E para fechar, conto o terceiro golpe recebido. Essa
foi como um tiro com bala de prata na alma de um lobisomem. Me matou. Já contei
esse caso aqui no blog quando resenhei o livro “Mundo Perdido” de Michael
Crichton, mas a situação foi tão sui generis que merece ser relembrada. Infelizmente
existem muitas pessoas que deixam de ler um livro só porque a sua história foi
adaptada para o cinema. Elas preferem assistir ao invés de ler o enredo. Talvez
por impaciência de encarar 300, 800 ou até 1.000 páginas ou então, simplesmente
porque não gostam de ler.
Não sei porque tenho uma sorte nada agradável em
encontrar pessoas que pensam dessa maneira. Para elas, basta assistir um filme
para dispensar a leitura do livro. Todas as vezes que tentei argumentar com
elas acabei me dando mal. Cheguei à conclusão que a maioria daqueles que tem
essa ideologia, são muito intransigentes e não aceitam em hipótese alguma uma
contra-argumentação, do tipo: “olha fulano, acho que o enredo do livro é mais
completo do que o seu roteiro adaptado para as telonas” e por aí afora. Então,
quando insistimos, a coisa complica. Por isso, quando encontro alguém com essa
linha de raciocínio e o papo sobre o assunto começa a rolar, apenas ouço, ouço
e ouço... nada mais. Evito entrar em detalhes, como fiz há muito tempo quando
estava num ônibus seguindo para São Paulo numa noite chuvosa.

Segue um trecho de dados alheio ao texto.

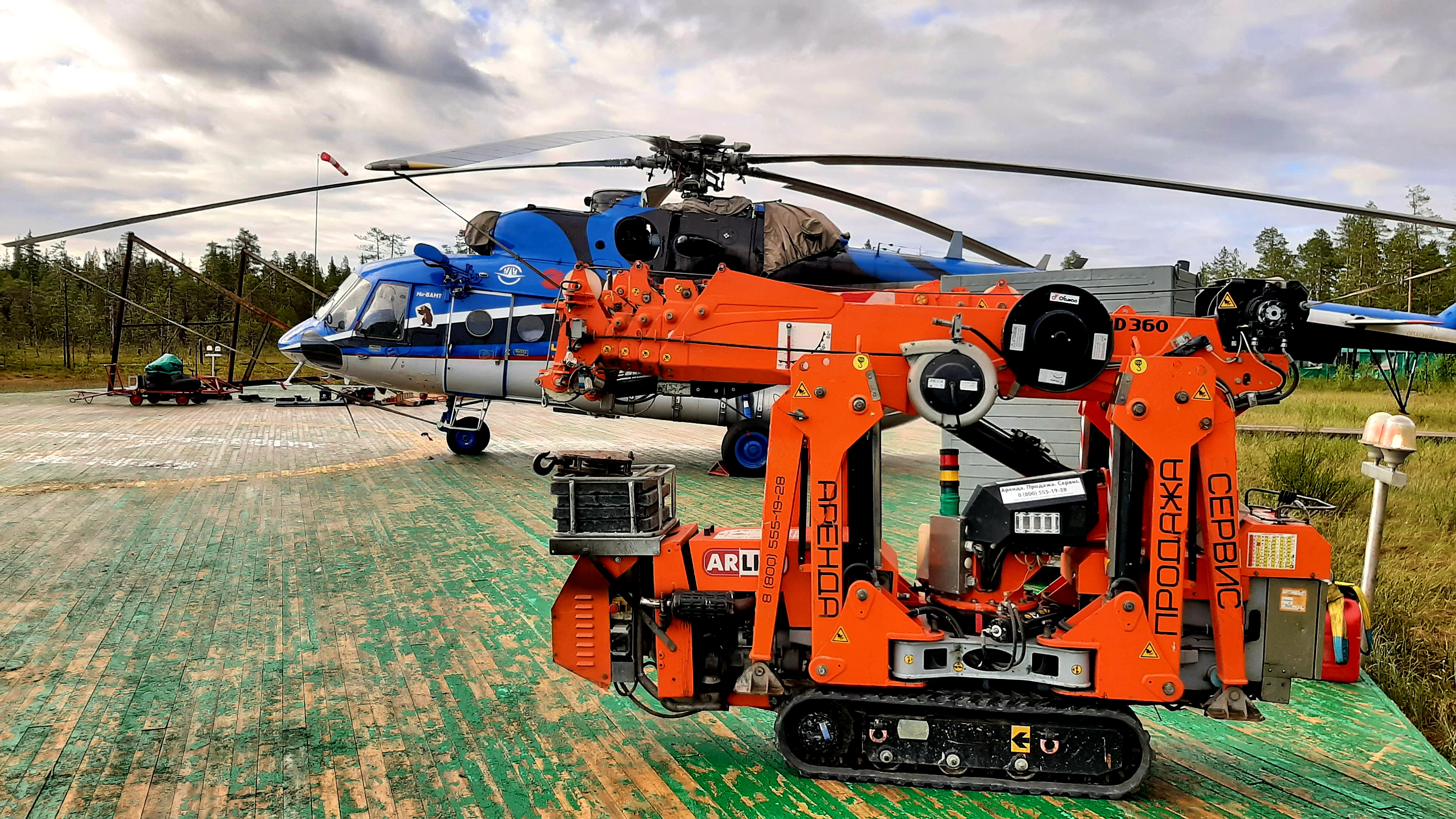 Мини-кран SPD360CDH и опытный оператор ARLIFT отправились на объект на втором вертолёте. Небольшие габариты крана позволили загрузить его бортом и доставить прямо к точке ремонта — в северные леса Кольского полуострова.
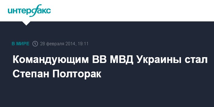 Москва. 28 февраля. INTERFAX.RU - И.о. президента Украины Александр Турчинов назначил Степана Полторака командующим внутренними войсками МВД.
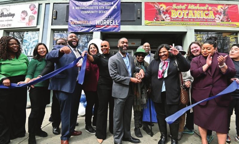 Elected officials including U.S. Rep. Ayanna Pressley and Mayor Michelle Wu turned out Saturday for the opening of a Dorchester district office for state Rep. Chris Worrell and Boston City Councilor Brian Worrell.
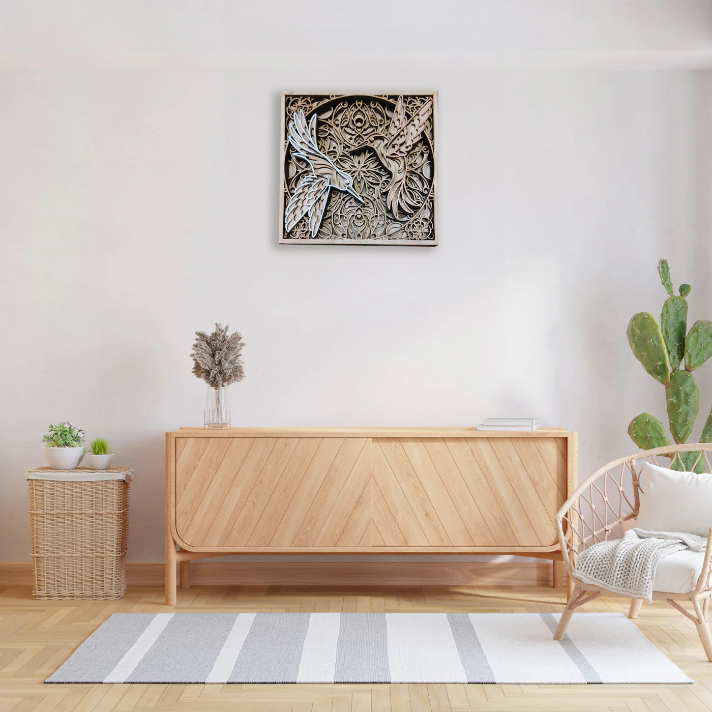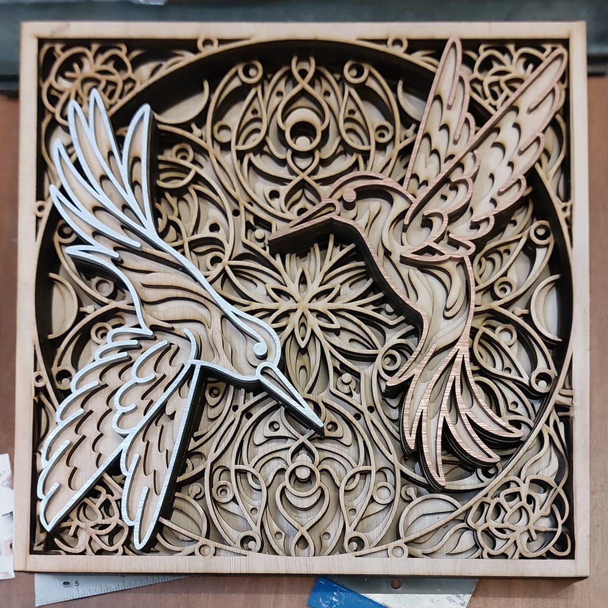 Hang de hummingbirds Mandala eenvoudig in uw woonkamer, slaapkamer. Geniet van de diepte, en de complexiteit van alle vormen deze zorgen voor een Ontspanning en Evenwicht. wij leveren deze gemonteerd en duurzaam verpakt. Het enige wat u hoeft te doen is het ophangen of neerzetten.
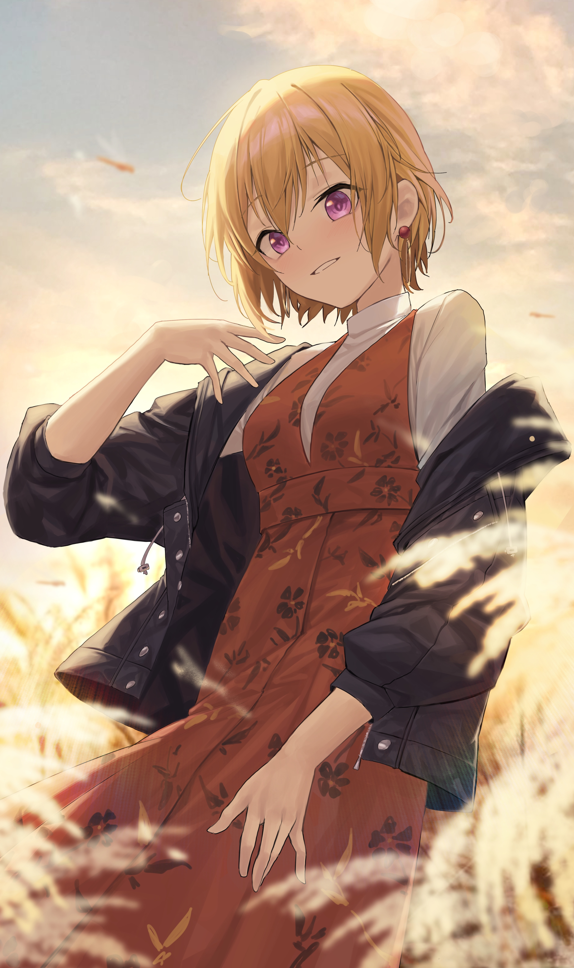 1girl absurdres black_jacket blonde_hair blurry blurry_foreground blush breasts depth_of_field dress earrings floral_print highres idolmaster idolmaster_shiny_colors jacket jacket_partially_removed jewelry looking_at_viewer mansu_(mansu113355) outdoors pinafore_dress purple_eyes saijo_juri short_hair sleeveless sleeveless_dress small_breasts smile solo
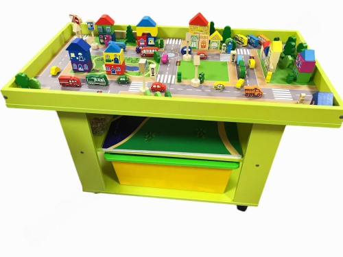 Детский мобильный стол «Ландшафт» — это конструктор «Город большой» и «Ферма» на игровом столе с бортиками.
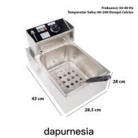 Mesin penggorengan ini biasa digunakan di restoran ataupun tempat makan, untuk menggoreng kentang, daging dan bahan makanan lainnya dengan cepat dan merata. Bagi Anda yang ingin buka usaha makanan yang menggunakan gorengan maka harus memiliki alat ini.
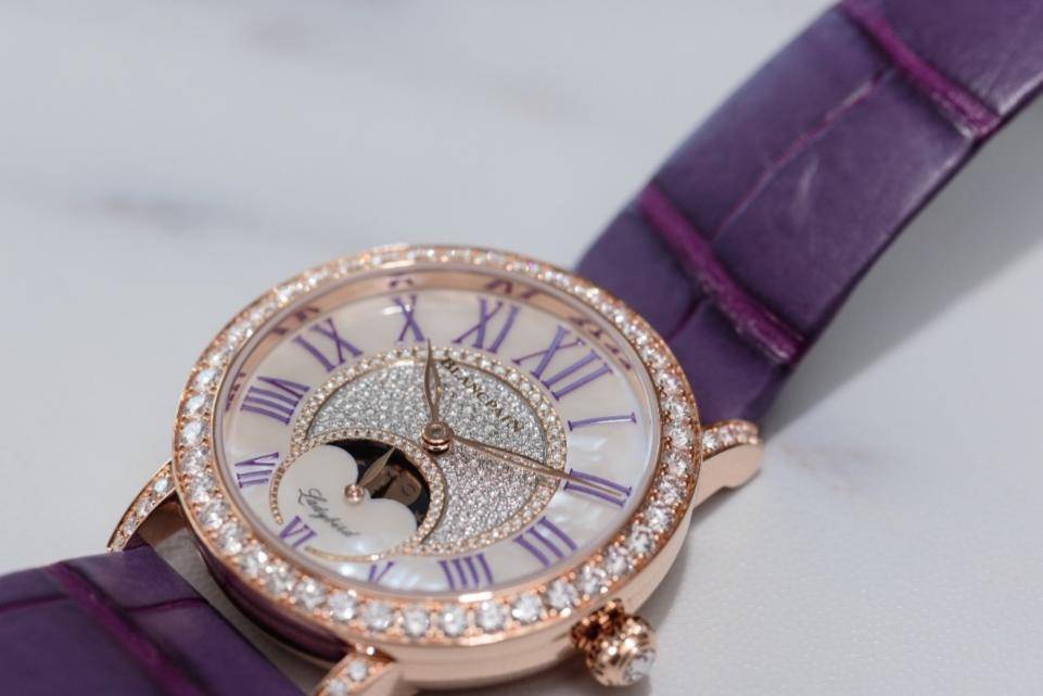 特别的珠光母贝外盘,正在光芒下折射出虹彩柔光,与微妙的紫色相得益彰,尽显文雅气韵。外盘采用的珠光母贝,需从特定的养殖贝壳里谨慎提取,每只贝壳仅能打制出一到两枚外盘。这种取自贝壳内部珍珠层最厚、最优质核心区域的材质,正在贝壳可用面积中占比亏损2%,其珍稀水准显而易见。别的,12枚以倾角计划的皇家紫罗马数字时标,文雅地透露于珍珠母贝外盘之上;下方由70颗钻石镶嵌而成的两枚掩饰圆环交迭相拥;符号性的镂空柳叶形指针轻疾地指示时光——这些谨慎计划的细节,联合修建了一幅协调而宽裕方针感的视觉画卷。

Meu companheiro de viagem, além de um senhor calvo de
aproximadamente 40 anos sentado ao meu lado, era o livro Mundo Perdido, de Michael Crichton. Cara! Eu não estava lendo,
estava devorando com avidez as suas páginas, não me incomodando nem um pouco com
a rala “iluminação”. Inesperadamente, o senhor calvo, engravatado e bem
vestido, com pinta de executivo, disparou a bomba: - “Para que ficar sofrendo
nessa semi-escuridão, assiste ao filme que é a mesma coisa”. Depois desse
petardo, esperei um pouco até passar o atordoamento e perguntei: “O senhor já
leu o livro”? De imediato, ele respondeu: “Claro que não! Pra que perder tempo
se eu tenho o cinema? Tudo o que está nessas páginas eu já vi”. Bem, depois
desse massacre me senti o próprio soldado combatente estirado no fundo de uma
trincheira, com o corpo despedaçado por um morteiro. Então, pensei com os meus
botões: “pobre coitado, mal sabe ele que assistiu a um filme que não tem nada a
ver com o livro de Michael Crichton; uma história completamente diferente”.
Melhor deixa-lo na luz da sua ignorância e, assim, continuei devorando a obra.
Este fato rolou na época do lançamento de Mundo
Perdido nos cinemas.
Pois é galera, nós devoradores de livros, muitas
vezes, somos obrigados a ter uma paciência de Jó.